1. Introduction
A variety of developed polymeric semiconductors have shown good electrical performances and, in many cases, outperform their metal oxide (ZnO, etc.) and amorphous silicon counterparts [1,2,3]. The planar structures of the polymeric chains have been shown to give rise to increased extents of molecular self-assembly and well-developed microcrystalline domains, and thereby high electrical performances with field-effect mobilities (μFETs) of over 70 cm2/(V∙s) in organic field-effect transistors (OFETs) [4,5]. Various printing technologies, such as capillary force lithography and roll-to-roll coating, as well as aerosol jet, inkjet, and electrohydrodynamic-jet (EHD) printing, have been recently used to deposit and pattern polymeric semiconductors [6,7,8,9].

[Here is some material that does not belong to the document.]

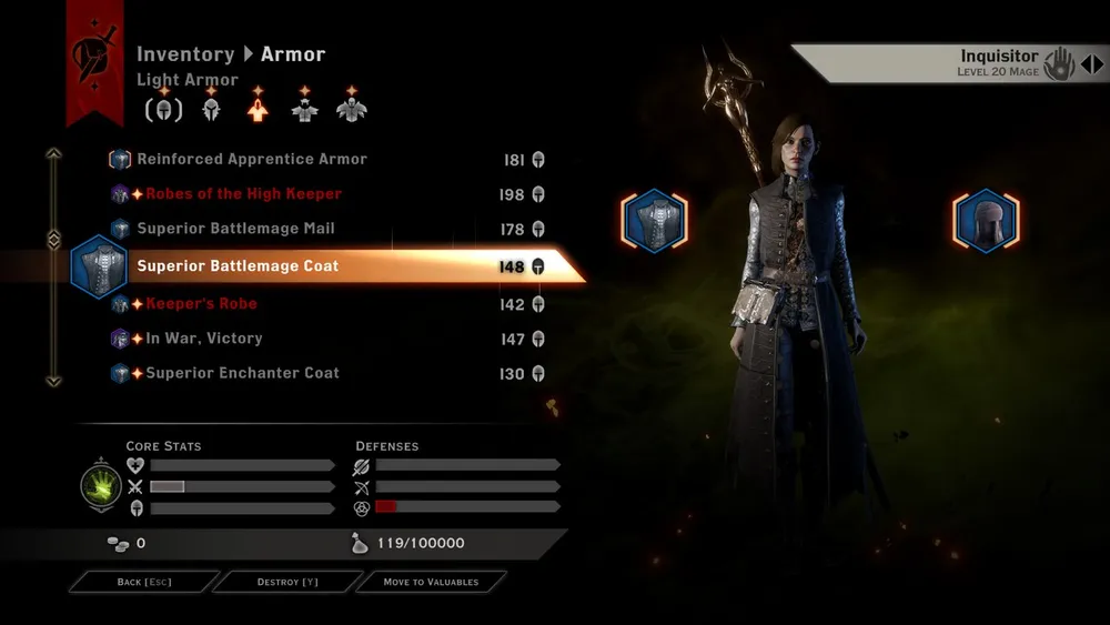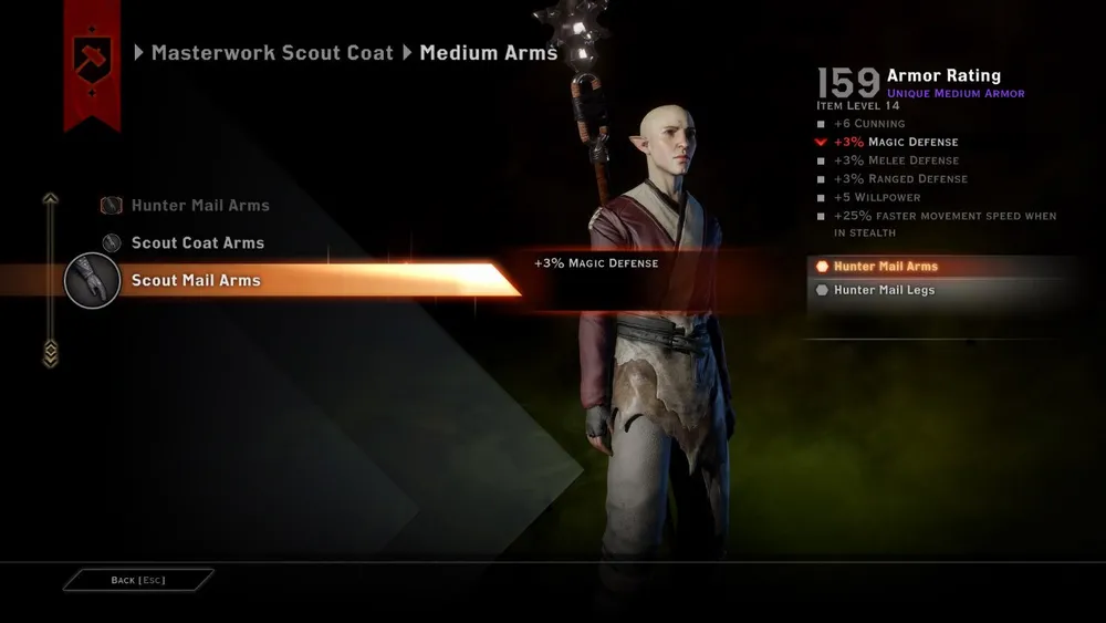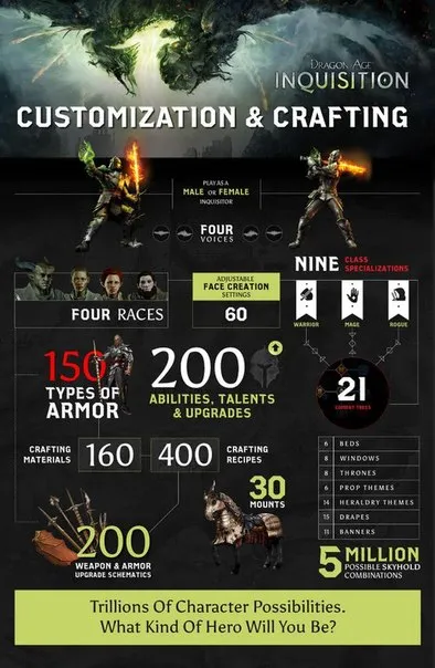 [МЛ]. Тем не менее, у каждого персонажа будет свой стиль, поэтому та же кольчуга чародея на Дориане, Соласе, Вивьен и Инквизиторе будет выглядеть по-разному. Основные признаки — в том числе цвета — при этом сохраняются: так, красное одеяние останется красным на любом персонаже, просто оно приобретет некоторые нюансы, отражающие личность владельца. В конце концов, в Инквизиции — целая армия кузнецов, они вполне могут добавить там и тут по паре прибамбасов. Само собой разумеется, знаковые доспехи (скажем, кольчуга Серых Стражей) сохранят свой символический вид, кто бы их ни надел.

EHD printing has proven to be a particularly cost-effective and simple printing tool [10]. This printing tool generates a strong electrostatic field between a nozzle tip and a substrate to eject ink directly from the nozzle, and, as a result, can produce diverse fine patterns of polymeric semiconductors from the micro- to nano-scale without the need for any pre-patterned topographical or chemical pattern [11,12,13]. In addition, EHD printing is suitable for printing semiconducting polymers because of the relatively high viscosities of such polymer inks, compared to those of small-molecule inks; as a result, this printing tool can produce high-resolution patterns of polymeric semiconductors [14].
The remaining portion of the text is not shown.